The Design Problem: Labor Market First, Person Second

But UPSKILL’s eligible programs will be determined annually by the state’s review of employer demand and workforce shortages — essentially, what the labor market needs. That sounds sensible, but in practice those designations are heavily influenced by major employers who want a trained workforce pipeline at public expense. The program could function as a publicly-subsidized labor supply program for specific private employers without those employers contributing to its cost.

Crucially such an approach underemphasizes, and even ignores, the fact that each person is born with unique gifts and talents. Asking what the labor market needs and then pushing people into state-sanctioned boxes is the reverse of what should be happening.

A person with a gift for artistry, writing, craftsmanship, early childhood education, or caregiving work might find little room in a program built around HVAC, welding, and construction certifications. The program, therefore, treats people as inputs to an economic system rather than as individuals who deserve respect for escaping addiction and now have distinct contributions to make.

The state might (and probably will) eventually justify the program’s existence and call for its expansion as students apply for funding to gain a certificate or degree in an approved field and shortages in some areas are ameliorated. But in such an analysis, there’s no accounting for quality of life, e.g., if a person finds himself in a job he never wanted just because money was available to meet the need.

The Community Problem: What the State Crowds Out

It’s also worth noting that the program creates a transactional connection between a person and an employer-defined credential, but it severs and discourages the community connections important to the growth and wellbeing of a person, especially one in recovery. The state stipend is $500, which would be a manageable dollar amount for local charities, churches, civic organizations to offer, if they were so inclined.

UPSKILL’s enabling legislation intends participants to tap into other government assistance programs, including Temporary Assistance for Needy Families (TANF) to provide up to $250 for “emergency aid, childcare stipends or transportation assistance (bus vouchers or gas cards).”
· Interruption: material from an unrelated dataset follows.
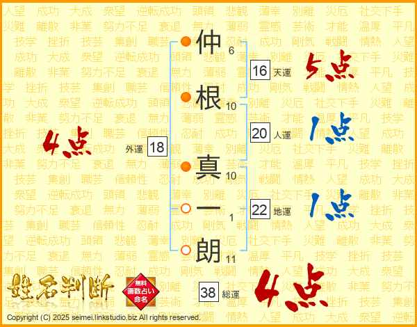仲(6画)根(10画) 真(10画)一(1画)朗(11画)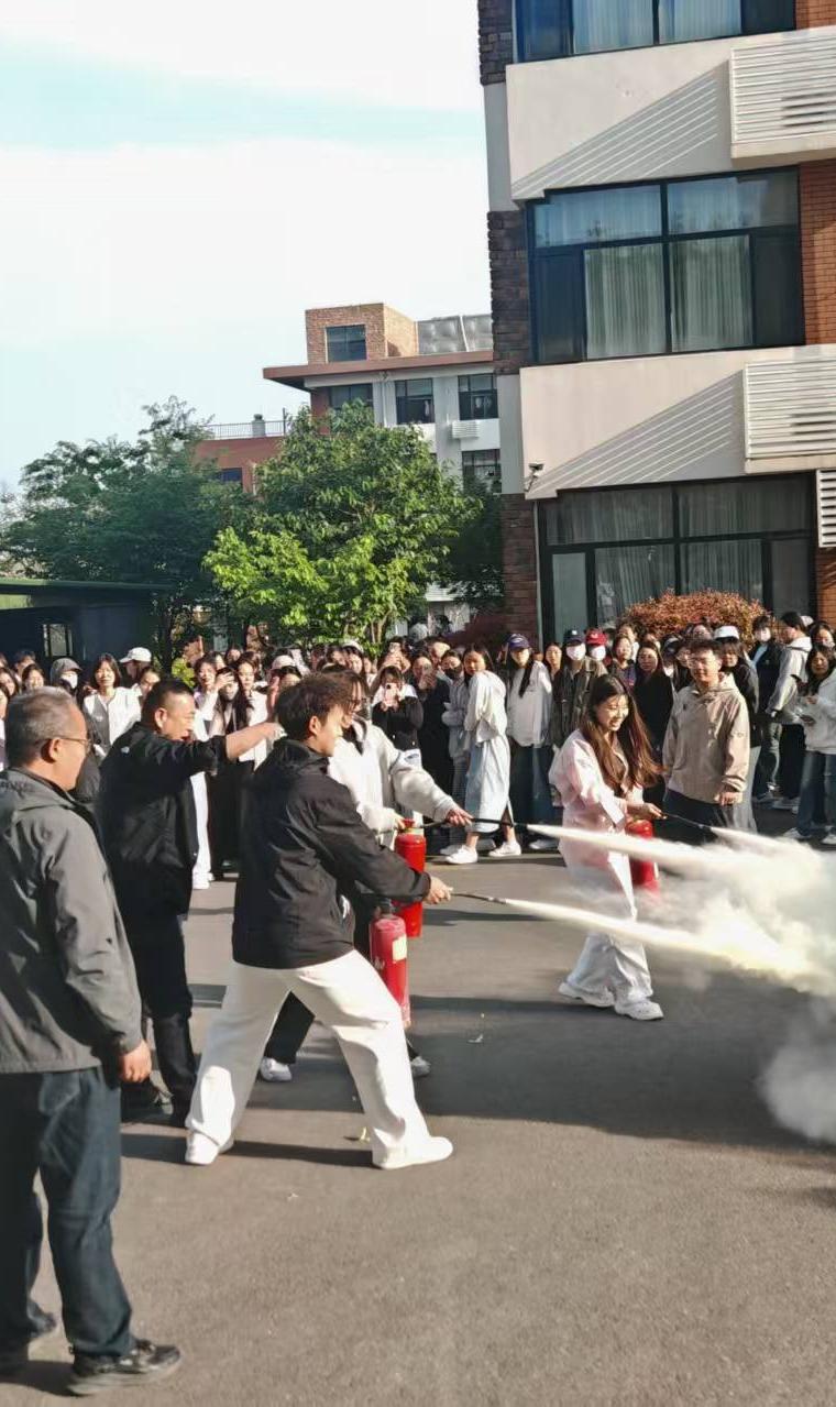 疏散演练结束后,安全管理处工作人员详细讲解火灾预防、逃生技巧及灭火器使用方法,重点演示了“提、拔、握、压”灭火器四步操作法和“甩带、连接、抱握”标准化动作,并设置了油盆灭火场景,组织师生分批次参与灭火器灭火和消防水带灭火实操。

That leaves no room for local charities and organizations to engage. If they were invited to, they could offer things the state is not offering: mentorship, peer cohorts, community check-ins, drug rehab integration circles, stuff that goes beyond a program and several hundred dollars. Recovery communities know that sustainable reintegration requires more than a job; it requires belonging.

The state program also has the deleterious effect of creating an expectation that the state will step in to offer money and support services, because that’s what the state does, as proven by this program. One could reasonably ask, “where does the state’s role stop and the community effort begin?”

A person who has spent ten years in a low-wage job, never touched drugs, but lacks the credential to move up — isn’t he or she equally deserving of support? The program’s initial gatekeeping, driven by the funding source, creates a hierarchy of deservingness that puts former addicts ahead of people who also struggle.

None of this is to say the problem UPSKILL is trying to solve isn’t real. Mississippi has thousands of job openings and communities hollowed out by addiction. The state stepped in precisely because communities, churches, and civic organizations hadn’t filled the gap at scale. That’s worth acknowledging honestly. It’s also worth understanding why. Is it possible that the state government’s broad list of programs, decades in the making, played some part in the lack of persistence of non-governmental organizations to meet local needs?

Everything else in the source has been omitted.